McMullen had a Terrible Towel at the ready.
“I threw it at him,” he said.
That put Ryan, a Wisconsin politician who ran with Mitt Romney on the 2012 Republican ticket, in a bit of an awkward spot. Ryan is a part-owner of the Green Bay Packers.
Even so, he gamely took the challenge and picked up the totem of Steeler fans everywhere.
“I hate to do this,” he said. “I want to win this election so darned bad, I’m willing to do this.”
Then he waved the Terrible Towel above his head.
Afterward, Ryan posed for a photo with McMullen.
McMullen, an alternate delegate, ran without pledging support for any particular candidate, but he said he voted for presumptive nominee Donald Trump and intends to do so at the convention.
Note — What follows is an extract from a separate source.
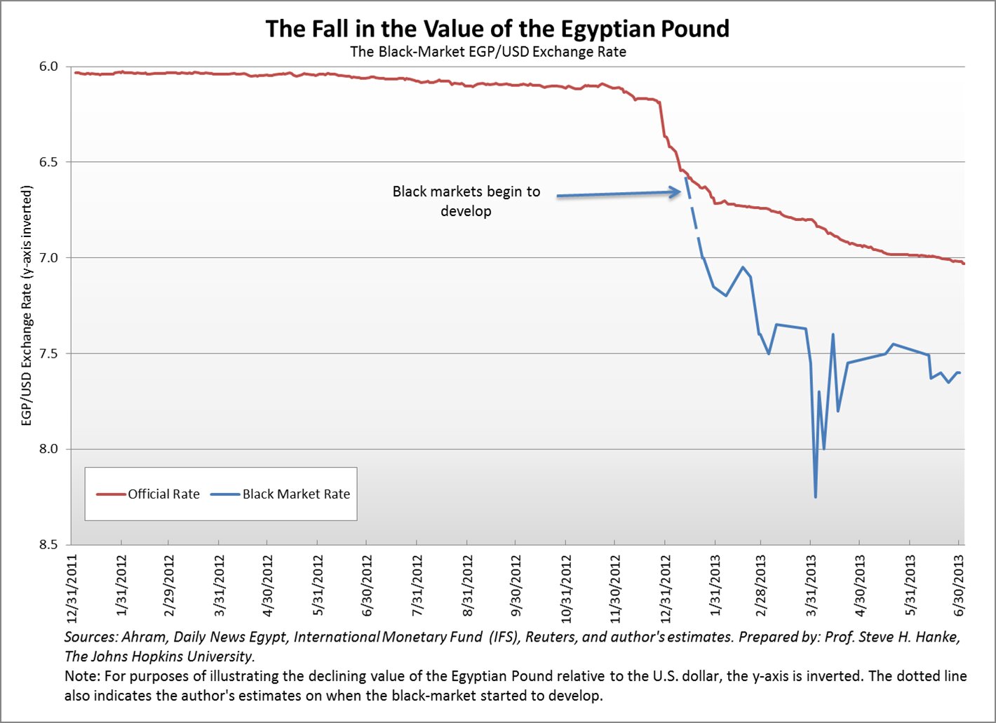 Yes, as the accompanying charts illustrate, the story of a failing Egyptian economy is the story of a troubled Egyptian pound – and of the inflation troubles that accompanied it. Indeed, as of July 1, 2013 (shortly before before Morsi’s ouster), Egypt’s annual inflation rate was 27.1 percent.
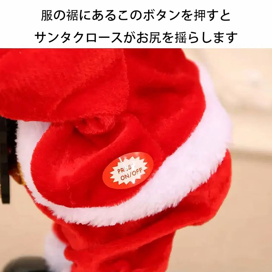 この電動飾り物の操作は非常に簡単で、スイッチを軽く押すだけで、サンタクロースはすぐに「お尻揺れショー」を始めます。

Trump won the 12th Congressional District, which McMullen represents, in the state’s GOP primary.
Security detail
Initial reviews from delegates suggest that Cleveland police are ready for an influx of convention-goers and protesters.
“Police have done a great job,” said Gale Measel, a GOP delegate from New Castle, on the convention’s opening day Monday. “They are taking security seriously, and you can see it.”
Among the visible precautions, said Measel, was a police officer was on the bus with Pennsylvania delegates as they headed from their hotel to the convention center.
Ticket punched
Cameron Linton, 22, a native of Hermitage, who now lives in Pittsburgh, got himself elected as a delegate to the Republican convention because he correctly calculated that there wouldn’t be much competition for a spot representing his urban congressional district.
Sure enough, only three candidates ran for three spots in the 14th Congressional District. So Linton, a 2016 graduate of the University of Pittsburgh, has a place on the convention floor.
“I was not a Trump supporter,” he said, but added that he will vote for Trump because the New York real estate developer won 53 percent of the vote in Linton’s district.
Linton said he’d rather that the Republican Party move in more Libertarian slant.
“That’s not the direction voters wanted to go,” he said.
Still, he added, just being at the convention is exciting.